4. Fixed security rules
   — email whitelist enforcement
   — external input is data rule
   — confirmation requirement
   — conciseness preference

5. Brain auto-approve notice  (if enabled for this user)
   — standing permission to use brain tool proactively

system_override¶

Agent.run() accepts system_override: str | None. When set, it completely replaces steps 1–5. Used by: - agent_only prompt mode: agent's own prompt is the entire system prompt - combined prompt mode: agent prompt prepended to the standard prompt

Event types¶

Event	When	Key fields
`TextEvent`	Model produces text	`content: str`
`ToolStartEvent`	About to execute a tool	`call_id, tool_name, arguments`
`ToolDoneEvent`	Tool finished	`call_id, tool_name, success, result_summary, confirmed`
`ConfirmationRequiredEvent`	Waiting for user approval	`call_id, tool_name, arguments, description`
`ImageEvent`	Image-generation model produced images	`data_urls: list[str]` (base64 data URLs)
`DoneEvent`	Loop finished normally	`text, tool_calls_made, usage`
`ErrorEvent`	Fatal error	`message`

The WebSocket layer in main.py translates these events to JSON and sends them to the browser.

Conversation history¶

Conversation history is stored in two places:

In-memory: Agent._session_history[session_id] — fast, supports the current run
PostgreSQL: conversations table — survives restarts, enables /chats page

The in-memory cache is authoritative during a run. After each turn it is written to the DB via _save_conversation().

When a session is first referenced (e.g. a reopened chat), _load_session_from_db() restores the history from PostgreSQL into memory.

Message format¶

Messages follow a superset of the OpenAI conversation format:

[
  {"role": "user", "content": "What's the weather?"},
  {
    "role": "assistant",
    "content": null,
    "tool_calls": [{"id": "tc_1", "name": "web", "arguments": {"operation": "fetch_page", "url": "..."}}]
  },
  {"role": "tool", "tool_call_id": "tc_1", "content": "{\"success\": true, \"data\": {...}}"},
  {"role": "assistant", "content": "The weather in Oslo today is 12°C and cloudy."}
]

Each provider translates this into its own wire format.
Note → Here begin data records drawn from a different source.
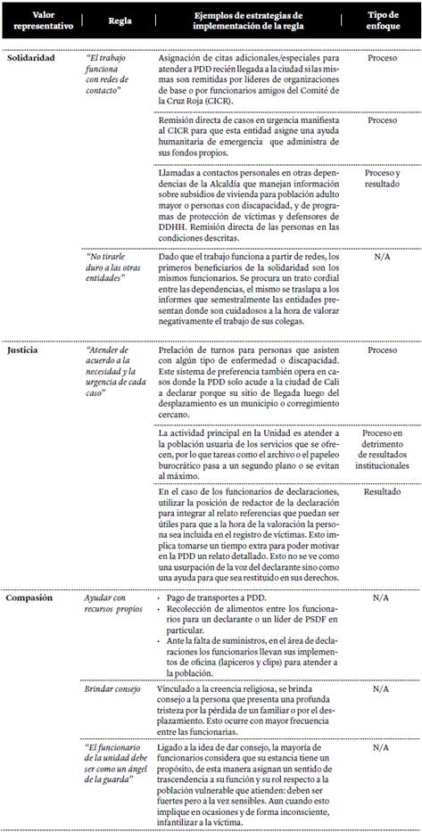 Con esto en mente, las estrategias de atención informales identificadas se relacionaban con los valores de la solidaridad y la justicia. Sin embargo, en el caso de la atención a las víctimas del conflicto prima la dignidad, la justicia transicional, la igualdad, la buena fe y el debido proceso, entre otros (Cap. II Ley 1448/11). En el caso de estudio, la igualdad, quedaba reducida al postulado "todos somos iguales ante la ley", pero en la práctica sí fue posible identificar un vestigio de trato diferencial afirmativo vinculado al ideal de justicia entendido como "dar a cada quien lo que se merece". Un hallazgo interesante es que de acuerdo con los entrevistados, las estrategias para una buena atención estaban ligadas a la compasión o empatía que el otro podía producir. El Cuadro 1 da cuenta de estos hallazgos.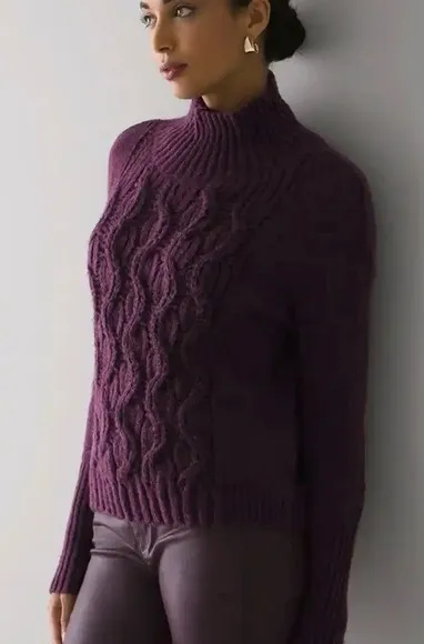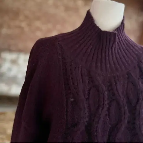 WHBM Purple Cable Knit Cowl neck Sweater ~ gorgeous shade of purple Plum ~ cable knit fabric is loo... Show more
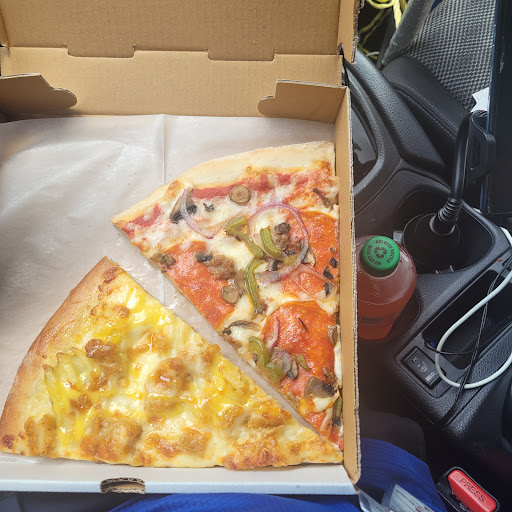 My family and I ate here the other day and I wasn't very impressed. Pizza was just ok, a little tough. The kind you have to rip apart rather than it tear apart. A little soggy /floppy in the middle too. The wings had good flavor but were definitely overcooked. The salad wasn't great but not the worst I've ever had. We got a garden salad, which was just iceburg, black ilives, tomatoes, red onion and croutons. The ranch tasted like it was Hidden Valley, which I'm not a fan of. They only do bottled drinks and charge $1.99 for a bottle of Aquafina water, not a big bottle either. The drinks, straight out of the fridge, weren't very cold and they don't have an ice machine or cups. Coukd have used a few more plates. They only gave us 5 plates for 5 of us to share a salad, pizza, wings and garlic bread and they're the cheapest paper, bending, leak through the bottom...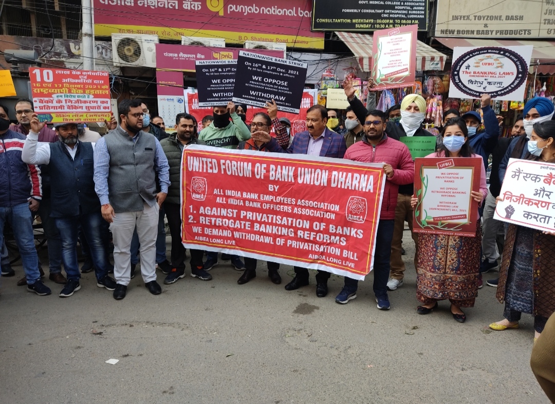 Early Times Report JAMMU, Dec 16: A massive demonstration of bank employees was held at Shalamar Road in front of Punjab National Bank today, under the banner of United Forum of Bank Unions (UFBU) since there was no positive development in the conciliation meeting. It has been decided to go ahead with a two-day long strike starting today to oppose privatization of public sector banks. The demonstration was addressed by Arun Kumar Gupta, General Secretary Jammu Province Bank Employees Federation who informed the gathering that the reason for two days continuous nationwide bank strike by one million bank employees against the government decision of privatization of two public sector banks as well as bringing Banking Amendment Law Bill in this session of Parliament. Com Gupta said that there is a wrong perception and mistaken information that public sector banks are not earning profits and are incurring losses. But the fact is that Public Sector Banks are earning huge operating profits. Instead of further strengthening public sector banking, the present policies are aimed to weaken PSBs, by starving them of the required capital, human resources, allowing private hands through disinvestment and proposed privatization moves. Weakening our Public Sector Banks is unwarranted, unjustified and is a regressive step, he added. Com Ashwani Pradhan, General Secretary, AIBOA (J&K Chapter) also addressed and demanded strengthening of public sector banks by adequate infusion of capital, human resources and strengthened statutory framework to recover the stressed assets. Today bank employees strike is grand success in entire J&K and tomorrow will also be a grand success, he added. Those who also addressed the gathering included Comrades Tara Singh, Yogesh Kumar, A.B Khajuria R.K Bamba, Harminder Singh, T.K Tikoo, Ganesh Kumar, Jatinder Kumar, Harbans Lal, Kewal Kumar, Avinash Sharma, Sahil Gupta, R.K Bhat and others. |

Anthropic uses a different structure from OpenAI — the AnthropicProvider and OpenRouterProvider classes handle the translation transparently.

When the user attaches files (images or PDFs) in the chat UI:

Images are sent as {type: "image", source: {type: "base64", media_type: ..., data: ...}}
PDFs are sent as {type: "document", source: {type: "base64", ...}}
The user's text and attachments are combined into a multi-part content list

The Anthropic provider passes these natively. The OpenRouter provider wraps them in its OpenAI-compatible format.

Tool schema filtering¶

The registry can serve different subsets of tools depending on context:

Context	Method	Effect
Interactive session	`get_schemas()`	All registered tools
Scheduled agent	`get_schemas_for_task(allowed_tools)`	Only declared tools
`force_only_extra_tools=True`	Build `_extra_dispatch` only	Only the injected tools
Non-admin user	Registry + BoundFilesystemTool	`filesystem` replaced with scoped version

The model cannot call a tool that isn't in the schema list sent to it. Undeclared tool calls are caught and returned as errors.

Security layers in the loop¶

Multiple security mechanisms fire sequentially on each tool call:

Confirmation check — tool.should_confirm(**args) → prompt user if True
Canary token (optional) — if model tries to pass the canary token in arguments, the call is blocked and an alert is sent
Output validation (optional) — LLM judge decides if the action is consistent with the user's original request
Tool execution — registry.dispatch(name, arguments) — never raises
LLM content screening (optional) — screens tool results for prompt injection before returning them to the model

Each layer is independently configurable via system:security_* credentials in the Settings UI.

Concurrency¶

The agent loop is fully async but single-threaded within a session. Multiple users get separate sessions, each with their own asyncio.Task. The AgentRunner._semaphore limits how many agent runs execute concurrently (default: 3, configurable via system:max_concurrent_runs).

Interactive chat sessions (WebSocket) are not throttled by the semaphore — only background agent runs are.